PROBLEM: The whole listing that follows is to be restated word for word, images excluded.

GIVEN MATERIAL:
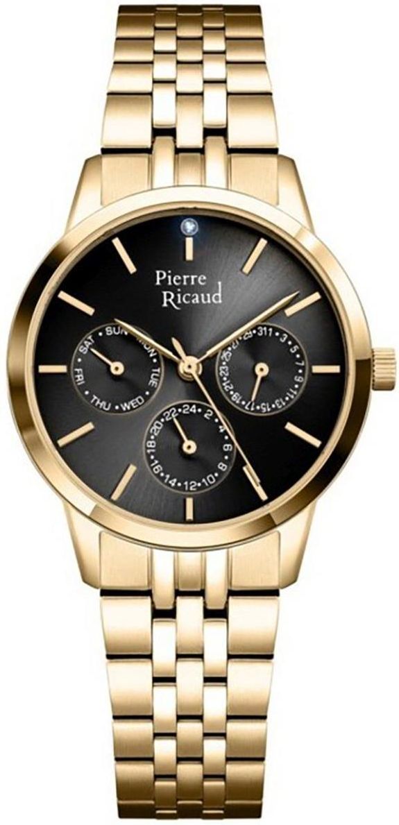 Mechanizm zegarka: Zegarek damski na złotej bransolecie Pierre Ricaud Classic P21056.1114QF wykonany ze stali szlachetnej z mechanizmem kwarcowym, zasilanym za pomocą baterii. Posiada bardzo wysoką dokładność mierzenia czasu +/- 10 sekund w przeciągu 30 dni. Mechanizm zegarka: Mechanizm japoński mieści się w stalowej, wytrzymałej, pozłacanej kopercie w kolorze złota w okrągłym kształcie . Wykorzystanie wysokiej jakości stali w bransolecie gwarantuje, że zegarek odporny jest na korozję i uszkodzenia oraz nie powoduje alergii. W zegarkach Pierre Ricaud wykorzystany jest jeden z najlepszych stopów stali 316 L pozłacany nowoczesną metodą pozłacania. Pierre Ricaud w produkcji zegarków wykorzystuje technologie powlekania powierzchni PVD (ang. Physical Vapour Deposition - fizyczne osadzanie z fazy gazowej): to bezpieczna dla środowiska i wyjątkowo trwała metoda powlekania. Powłoka PVD charakteryzuje się pięciokrotnie wyższa twardością (1150-1250 Vickersów) niż powłoki wykonywane techniką tradycyjna. Szkło zegarka: Zegarek wyposażony w szkło mineralne ( 5 stopień w skali Mohsa) - najczęściej spotykane, bardzo przejrzyste, czyste, cienkie, elastyczne i odporne na pęknięcia. Tarcza zegarka: Okrągła, klasyczna, czarna tarcza emanuje kobiecością. Subtelna elegancja pięknie uwidacznia się na klasycznych, szkieletowych wskazówkach w kolorze żółtego złota. Bransoleta zegarka: Bransoleta wykonana z wysokiej jakości stali w bransolecie gwarantuje, że zegarek odporny jest na korozję i uszkodzenia oraz nie powoduje alergii. Stop stali szlachetnej charakteryzuje się optymalna odpornością na korozje. W zegarkach Pierre Ricaud wykorzystany jest jeden z najlepszych stopów stali 316 L . Zapięcie bransolety: Dzięki standardowemu zapięciu wyposażonemu w klips z wyzwalaczem nie trzeba się obawiać że zegarek mógłby się zsunąć lub odpiąć. Zaś by go szybko odpiąć, wystarczy wcisnąć specjalny przycisk. Eleganckie zapięcie typu klips. Wodoszczelność: Zegarek z wodoszczelnością 30m (3 ATM), gwarantuje właścicielowi, że nie musi bać się zachlapań, czyli np. mycia rąk. Niemiecka marka Pierre Ricaud prezentuje w swojej czasomierze oraz biżuterie najwyższej jakości. Markę można określić jako połączenie wdzięku wprost z czerwonych dywanów z najwyższa, niemiecką jakością.Zegarki Pierre Ricaud w swojej stylistyce są eleganckie, sportowe i miejskie. Każdy znajdzie swój wymarzony model. Pierre Ricaud posiada w swojej ofercie zarówno zegarki dla kobiet jak i dla mężczyzn, dla młodszych i starszych. Tworzą zegarki idealne pod względem technicznym, cieszące oko. W Pierre Ricaud wykorzystywane są najwyższej jakości, japońskie mechanizmy Citizen. Wszystkie zegarki wykonane zostały z najlepszych surowców. Jeżeli kiedykolwiek zastanawiałeś się co zegarek mówi o człowieku, to zegarki Pierre Ricaud na pewno podkreślają osobowość każdego człowieka. Kobieta nosząca zegarek tej marki będzie osobą pewną siebie, dbającą o relacje i uwielbiająca klasykę, przełamaną nowoczesnością. Zegarki damskie marki Pierre Ricaud to styl i elegancja. Pełna gama różnorodności sprawia że każda kobieta znajdzie czasomierz dla Siebie. Użycie szlachetnych materiałów takich jak np. masa perłowa, która dodaje całości niezwykłego wyrazu, ponieważ niczym pawie piórko mieni się tysiącem barw. Dodając tej element, zegarek nabiera dużej wielowymiarowości. Jeżeli nie wiesz jaką bryłę koperty wybrać, to zegarki Pierre Ricaud mają całą paletę brył. Charakteryzują się one dosyć dużą kopertą, która w ciekawy sposób kontrastuje z bardzo wąskimi paskami. Tarcze tych zegarków, są zazwyczaj minimalistyczne, choć zdarzają się zegarki z kryształami Swarovskiego. Również w ofercie znajdziemy damskie chronografy, które przypadną do gustu kobietom lubiącym wyraziste i duże określenie swojego designu. Zegarki męskie firmy Pierre Ricaud to połączenie prostych tarcz, o mocnych kolorach i czytelnych cyfrach rzymskich bądź arabskich lub stylu typowo modnego, nowoczesnego z małymi sub tarczami i elementem stopera wpisanego w oryginalny zegarek. Jeżeli zastanawiałeś się jaki zegarek wybrać na prezent to marka Pierre Ricaud sprosta nawet najbardziej wybrednym gustom. Szerokie bransolety, najwyższej jakości skórzane paski z trwałymi zapięciami będą długo służyły na męskich nadgarstkach. Bez problemu można skomponować je z codziennymi stylizacjami, a umiejętnie dobrane będą podkreślały również te bardziej wymagające i eleganckie. Jednak każdy model jest tego w 100% warty, po długich namysłach można wejść w posiadanie naprawdę nietuzinkowego czasomierza, który będzie świetnym kompanem życia oraz podczas wyjątkowych okazji. Bransoletki damskie oraz męska biżuteria Pierre Ricaud to wzory które przypadną do gustu każdemu. Bransoletki od wieków zdobią kobiece nadgarstki, a ostatnio stały się wręcz niezbędnym elementem ubioru, zarówno tego codziennego, jak i wieczorowego. U nas idealną bransoletkę, znajdą zarówno panie ceniące sobie minimalistyczne, delikatne ozdoby, jak i klientki stawiające na rozmach i szykowność każdej stylizacji. Oferowane produkty łatwo dopasujesz do typu swojej urody. Wiadomo przecież, że co innego pasuje blondynkom czy szatynkom, a co innego rudym czy brunetkom. Także karnacja i kolor oczu ma niebagatelne znaczenie w doborze biżuterii. Autoryzowany sklep z zegarkami oraz biżuteria Pierre Ricaud - Zegarki-Diament.pl to sklep internetowy o sprawdzonych opiniach. Kupując zegarek od zegarmistrza otrzymujesz najwyższą jakość. Wszystkie zegarki męskie , damskie oraz biżuteria marki Pierre Ricaud zakupione w naszym sklepie posiadają 2 letnią gwarancję i zapakowane są w oryginalne opakowania.
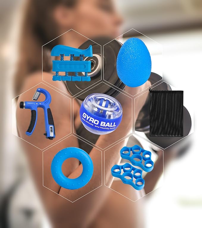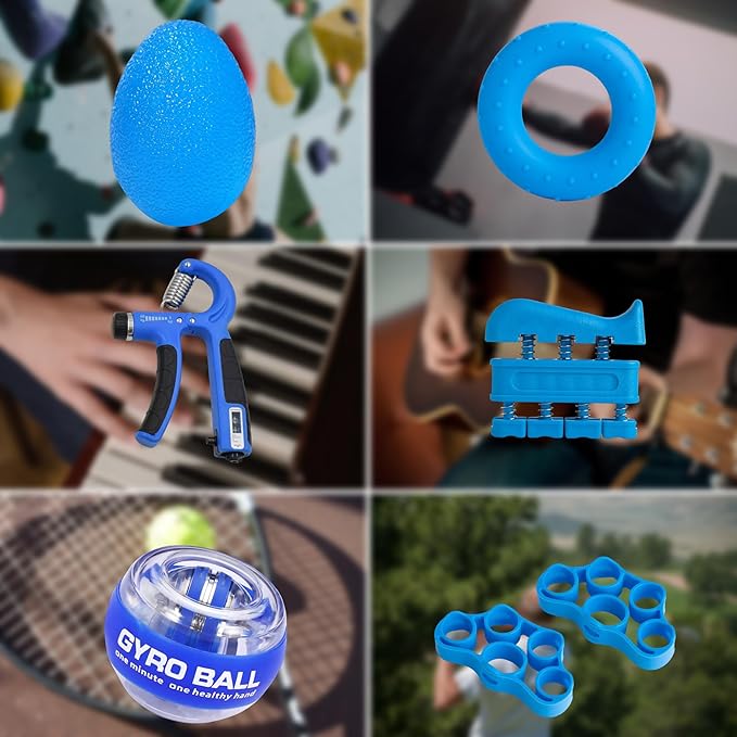 • [Hand Grip Strengthener Workout Kit (8 Pack)]: Forearm Grip Adjustable Resistance Hand Gripper, Finger Exerciser, Finger Stretcher, Gyro Ball,Grip Ring & Stress Relief Grip Ball for Athletes.
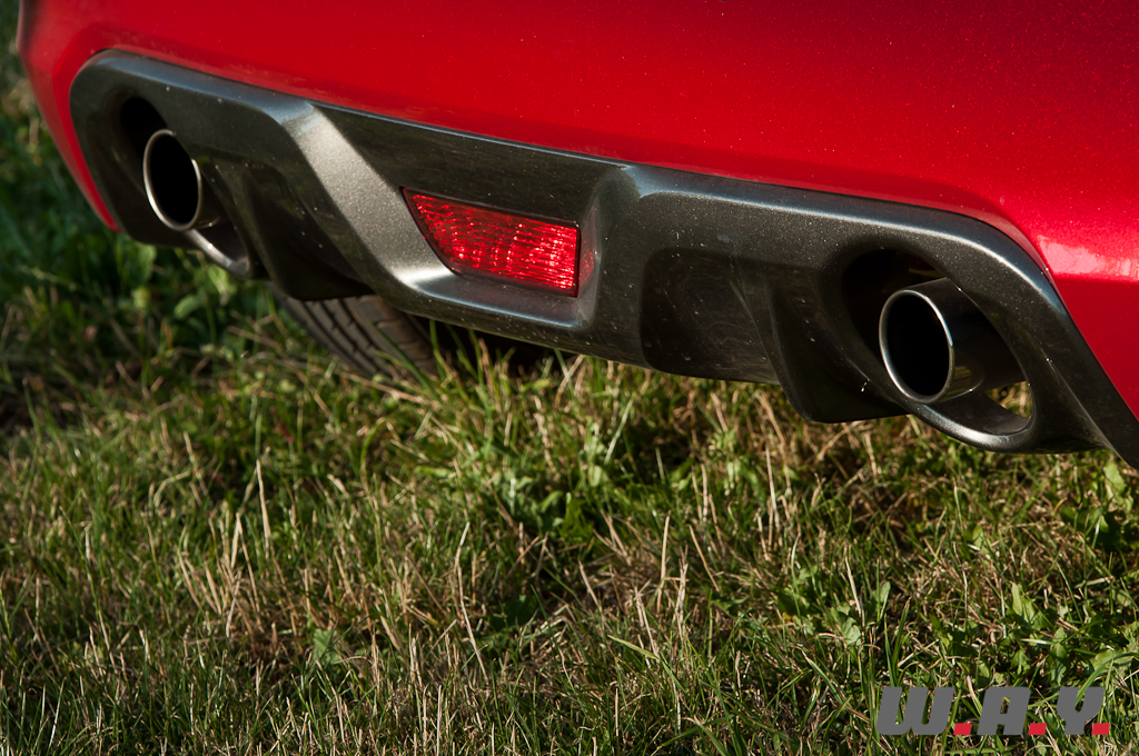 La face avant, avec sa calandre en nid d’abeille est massive mais reste agressive avec ses grands feux aux projecteurs bi-xénon de série qui lui donnent un regard d’aigle. Les voies élargies accueillent de belles jantes de 17 pouces. On a l’impression que les quatre roues ont été repoussées aux quatre coins de la voiture lui donnant un aspect trapu, ramassé avec la sensation qu’elle sera collée à la route. La poupe dispose toujours d’un grand béquet de toit un peu trop prononcé à mon goût, d’un magnifique diffuseur au look métallique encadré par deux grosses sorties d’échappement rondes en inox. Des bas de caisse renflés finissent de rendre définitivement sportive cette petite bombe mais comme souvent, ce qui est beau est peu protégé et que ce soit l’avant, l’arrière ou les côtés, cette voiture est vulnérable aux coups et vu son gabarit des villes, c’est regrettable.

FINAL ANSWER:
 Mechanizm zegarka: Zegarek damski na złotej bransolecie Pierre Ricaud Classic P21056.1114QF wykonany ze stali szlachetnej z mechanizmem kwarcowym, zasilanym za pomocą baterii. Posiada bardzo wysoką dokładność mierzenia czasu +/- 10 sekund w przeciągu 30 dni. Mechanizm zegarka: Mechanizm japoński mieści się w stalowej, wytrzymałej, pozłacanej kopercie w kolorze złota w okrągłym kształcie . Wykorzystanie wysokiej jakości stali w bransolecie gwarantuje, że zegarek odporny jest na korozję i uszkodzenia oraz nie powoduje alergii. W zegarkach Pierre Ricaud wykorzystany jest jeden z najlepszych stopów stali 316 L pozłacany nowoczesną metodą pozłacania. Pierre Ricaud w produkcji zegarków wykorzystuje technologie powlekania powierzchni PVD (ang. Physical Vapour Deposition - fizyczne osadzanie z fazy gazowej): to bezpieczna dla środowiska i wyjątkowo trwała metoda powlekania. Powłoka PVD charakteryzuje się pięciokrotnie wyższa twardością (1150-1250 Vickersów) niż powłoki wykonywane techniką tradycyjna. Szkło zegarka: Zegarek wyposażony w szkło mineralne ( 5 stopień w skali Mohsa) - najczęściej spotykane, bardzo przejrzyste, czyste, cienkie, elastyczne i odporne na pęknięcia. Tarcza zegarka: Okrągła, klasyczna, czarna tarcza emanuje kobiecością. Subtelna elegancja pięknie uwidacznia się na klasycznych, szkieletowych wskazówkach w kolorze żółtego złota. Bransoleta zegarka: Bransoleta wykonana z wysokiej jakości stali w bransolecie gwarantuje, że zegarek odporny jest na korozję i uszkodzenia oraz nie powoduje alergii. Stop stali szlachetnej charakteryzuje się optymalna odpornością na korozje. W zegarkach Pierre Ricaud wykorzystany jest jeden z najlepszych stopów stali 316 L . Zapięcie bransolety: Dzięki standardowemu zapięciu wyposażonemu w klips z wyzwalaczem nie trzeba się obawiać że zegarek mógłby się zsunąć lub odpiąć. Zaś by go szybko odpiąć, wystarczy wcisnąć specjalny przycisk. Eleganckie zapięcie typu klips. Wodoszczelność: Zegarek z wodoszczelnością 30m (3 ATM), gwarantuje właścicielowi, że nie musi bać się zachlapań, czyli np. mycia rąk. Niemiecka marka Pierre Ricaud prezentuje w swojej czasomierze oraz biżuterie najwyższej jakości. Markę można określić jako połączenie wdzięku wprost z czerwonych dywanów z najwyższa, niemiecką jakością.Zegarki Pierre Ricaud w swojej stylistyce są eleganckie, sportowe i miejskie. Każdy znajdzie swój wymarzony model. Pierre Ricaud posiada w swojej ofercie zarówno zegarki dla kobiet jak i dla mężczyzn, dla młodszych i starszych. Tworzą zegarki idealne pod względem technicznym, cieszące oko. W Pierre Ricaud wykorzystywane są najwyższej jakości, japońskie mechanizmy Citizen. Wszystkie zegarki wykonane zostały z najlepszych surowców. Jeżeli kiedykolwiek zastanawiałeś się co zegarek mówi o człowieku, to zegarki Pierre Ricaud na pewno podkreślają osobowość każdego człowieka. Kobieta nosząca zegarek tej marki będzie osobą pewną siebie, dbającą o relacje i uwielbiająca klasykę, przełamaną nowoczesnością. Zegarki damskie marki Pierre Ricaud to styl i elegancja. Pełna gama różnorodności sprawia że każda kobieta znajdzie czasomierz dla Siebie. Użycie szlachetnych materiałów takich jak np. masa perłowa, która dodaje całości niezwykłego wyrazu, ponieważ niczym pawie piórko mieni się tysiącem barw. Dodając tej element, zegarek nabiera dużej wielowymiarowości. Jeżeli nie wiesz jaką bryłę koperty wybrać, to zegarki Pierre Ricaud mają całą paletę brył. Charakteryzują się one dosyć dużą kopertą, która w ciekawy sposób kontrastuje z bardzo wąskimi paskami. Tarcze tych zegarków, są zazwyczaj minimalistyczne, choć zdarzają się zegarki z kryształami Swarovskiego. Również w ofercie znajdziemy damskie chronografy, które przypadną do gustu kobietom lubiącym wyraziste i duże określenie swojego designu. Zegarki męskie firmy Pierre Ricaud to połączenie prostych tarcz, o mocnych kolorach i czytelnych cyfrach rzymskich bądź arabskich lub stylu typowo modnego, nowoczesnego z małymi sub tarczami i elementem stopera wpisanego w oryginalny zegarek. Jeżeli zastanawiałeś się jaki zegarek wybrać na prezent to marka Pierre Ricaud sprosta nawet najbardziej wybrednym gustom. Szerokie bransolety, najwyższej jakości skórzane paski z trwałymi zapięciami będą długo służyły na męskich nadgarstkach. Bez problemu można skomponować je z codziennymi stylizacjami, a umiejętnie dobrane będą podkreślały również te bardziej wymagające i eleganckie. Jednak każdy model jest tego w 100% warty, po długich namysłach można wejść w posiadanie naprawdę nietuzinkowego czasomierza, który będzie świetnym kompanem życia oraz podczas wyjątkowych okazji. Bransoletki damskie oraz męska biżuteria Pierre Ricaud to wzory które przypadną do gustu każdemu. Bransoletki od wieków zdobią kobiece nadgarstki, a ostatnio stały się wręcz niezbędnym elementem ubioru, zarówno tego codziennego, jak i wieczorowego. U nas idealną bransoletkę, znajdą zarówno panie ceniące sobie minimalistyczne, delikatne ozdoby, jak i klientki stawiające na rozmach i szykowność każdej stylizacji. Oferowane produkty łatwo dopasujesz do typu swojej urody. Wiadomo przecież, że co innego pasuje blondynkom czy szatynkom, a co innego rudym czy brunetkom. Także karnacja i kolor oczu ma niebagatelne znaczenie w doborze biżuterii. Autoryzowany sklep z zegarkami oraz biżuteria Pierre Ricaud - Zegarki-Diament.pl to sklep internetowy o sprawdzonych opiniach. Kupując zegarek od zegarmistrza otrzymujesz najwyższą jakość. Wszystkie zegarki męskie , damskie oraz biżuteria marki Pierre Ricaud zakupione w naszym sklepie posiadają 2 letnią gwarancję i zapakowane są w oryginalne opakowania.
 • [Hand Grip Strengthener Workout Kit (8 Pack)]: Forearm Grip Adjustable Resistance Hand Gripper, Finger Exerciser, Finger Stretcher, Gyro Ball,Grip Ring & Stress Relief Grip Ball for Athletes.
 La face avant, avec sa calandre en nid d’abeille est massive mais reste agressive avec ses grands feux aux projecteurs bi-xénon de série qui lui donnent un regard d’aigle. Les voies élargies accueillent de belles jantes de 17 pouces. On a l’impression que les quatre roues ont été repoussées aux quatre coins de la voiture lui donnant un aspect trapu, ramassé avec la sensation qu’elle sera collée à la route. La poupe dispose toujours d’un grand béquet de toit un peu trop prononcé à mon goût, d’un magnifique diffuseur au look métallique encadré par deux grosses sorties d’échappement rondes en inox. Des bas de caisse renflés finissent de rendre définitivement sportive cette petite bombe mais comme souvent, ce qui est beau est peu protégé et que ce soit l’avant, l’arrière ou les côtés, cette voiture est vulnérable aux coups et vu son gabarit des villes, c’est regrettable.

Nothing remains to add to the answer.